On the surface, it’s sensible because there are going to be many countries in need of cash in the near future due to the crisis. Shockingly, even the UK has hinted that they may line up for assistance (check out this piece by Simon Johnson).  But if you think this is the gist of the argument, think again.

Here is a must-read on some of the implications of this move (link) – it’s what the rest of this post is based on.

After the announcement of the IMF resource expansion, private lending to emerging markets shot up. The risks involved with sovereign debt instruments had been significantly reduced by the move, and investors were more willing to front the cash. Think about it: you are an investor thinking of lending to a country in risk of that country’s finances drying up. Along comes the G20 who says we will put $1 trillion on the table through the IMF which any troubled country can access. This pool acts like a buffer for you: if the country goes belly up, they can still take out money from the IMF and continue to meet their obligations.  So the real kicker is that an IMF resource expansion has a multiplier attached to it.  Not only does it bring its dollars to the lending table, but it also brings more private investment.

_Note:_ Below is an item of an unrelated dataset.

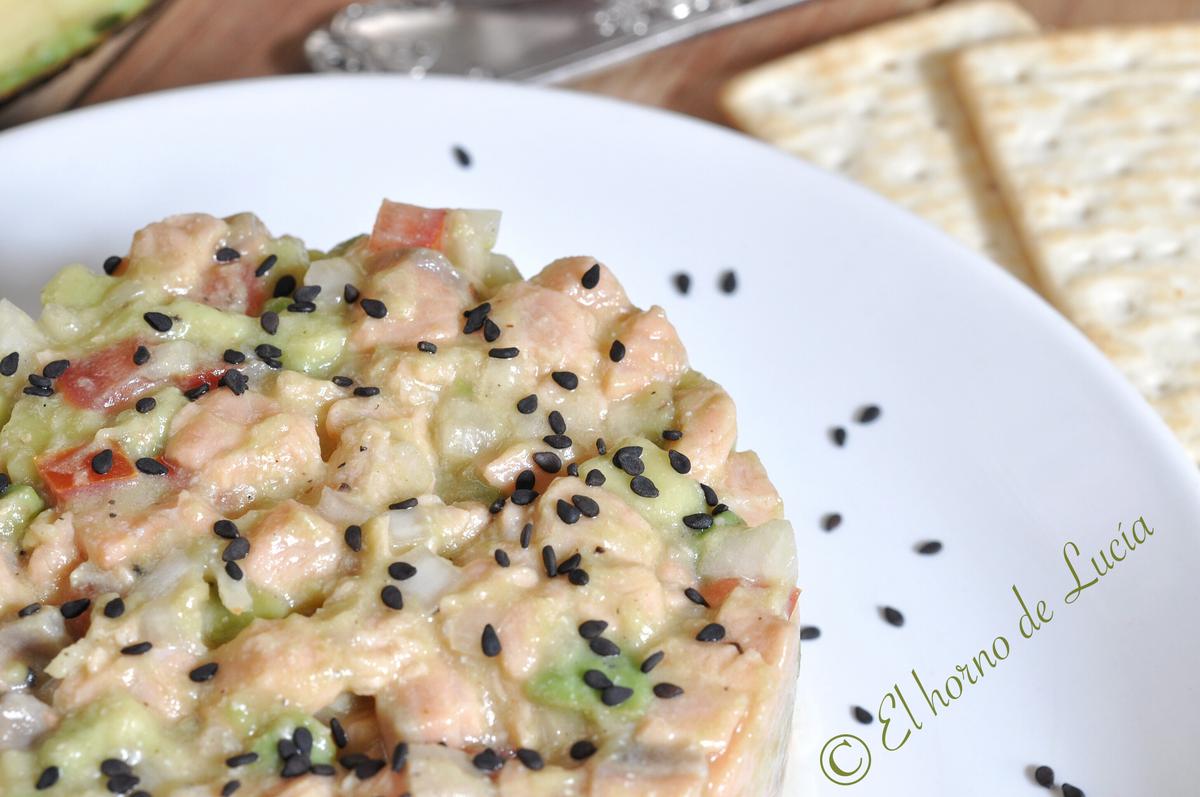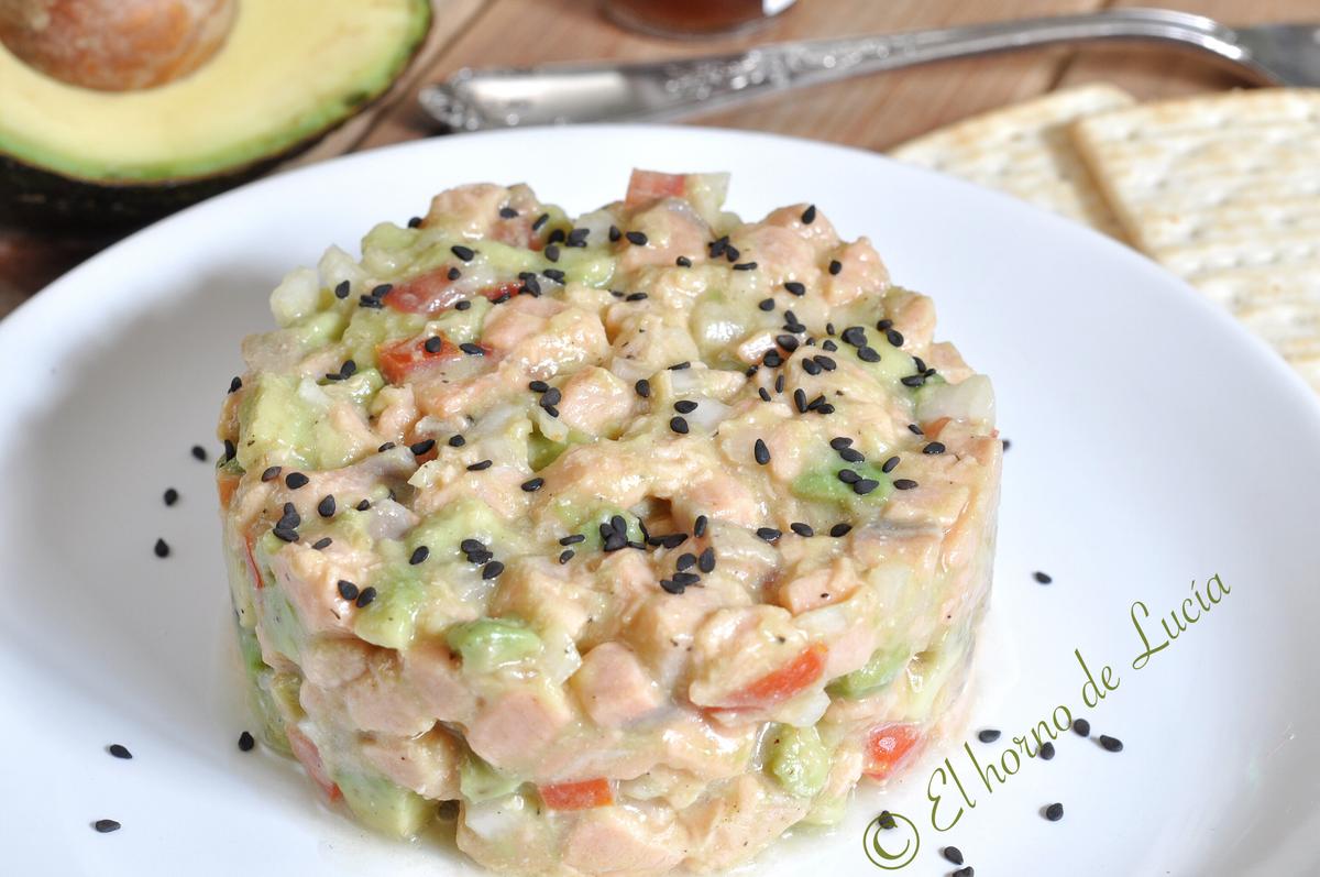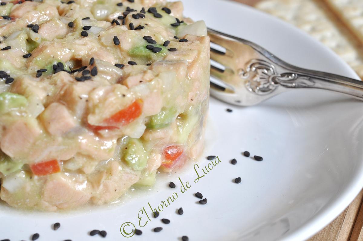 Tartar de Salmón ahumado y AguacateIngredientes:Salmón ahumado 100 grs.1 aguacate maduro1/2 Cebolleta o cebolla blanca Zumo de 1/2 limón o vinagre1 Cda. Salsa de soja1/2 cucharada MielAceite de oliva virgen extra SalPreparación:Troceamos el salmón ahumado en cuadraditos. Añadimos la cucharada de salsa de soja y la miel y lo dejamos macerar en la nevera 1 hora.Por otro lado, troceamos también el ag ...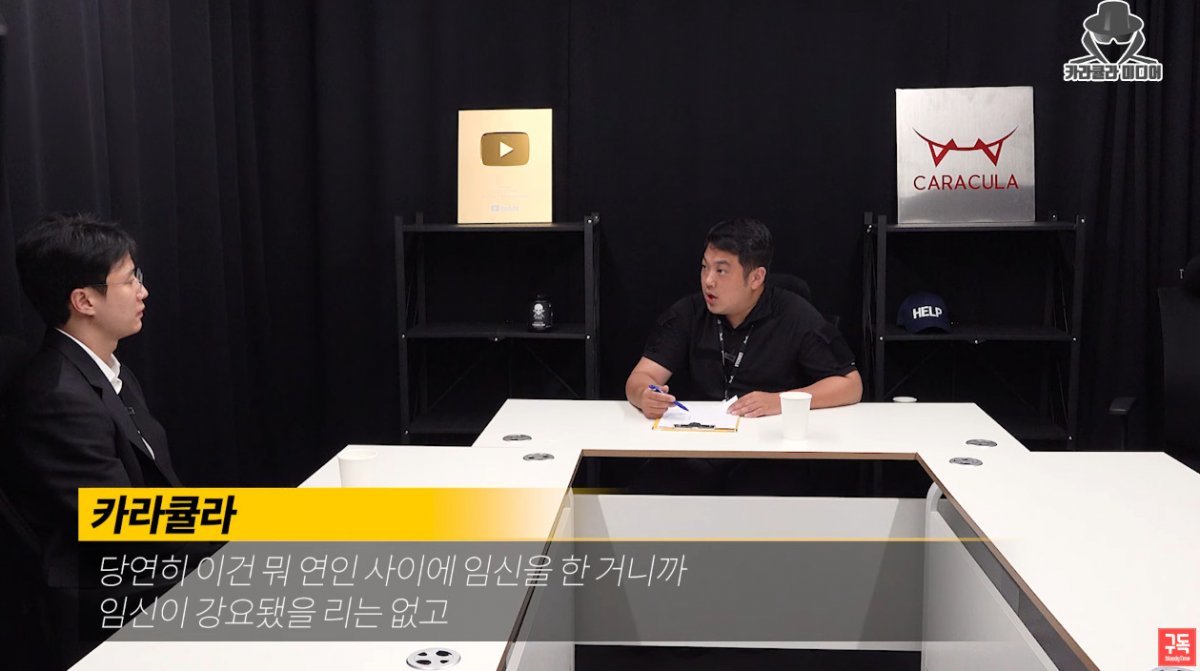카라큘라는 "두 번째 낙태를 하기 전에 카카오톡으로 '골프장에 있다', '나 지금 골프하잖아' 하는 식으로 굉장히 귀찮은 듯한 뉘앙스로 답하는 걸 봤다. 미지근하게 한 이유는 뭐냐"고 물었다.

If you read through the article linked above, you’ll hear an argument for why this might not be such a good idea. While the move has spurred capital markets into action, it has used an incentive which makes creditors devalue real analysis and the fundamentals, pushing people to take risks they wouldn’t have taken in normal circumstances. This is an issue of Moral Hazard.

I see the reasoning behind the moral hazard argument, but still think the move was more good than bad. Let me know what you think about it, and then I’ll give you my argument for why I’m with the G20 on this one.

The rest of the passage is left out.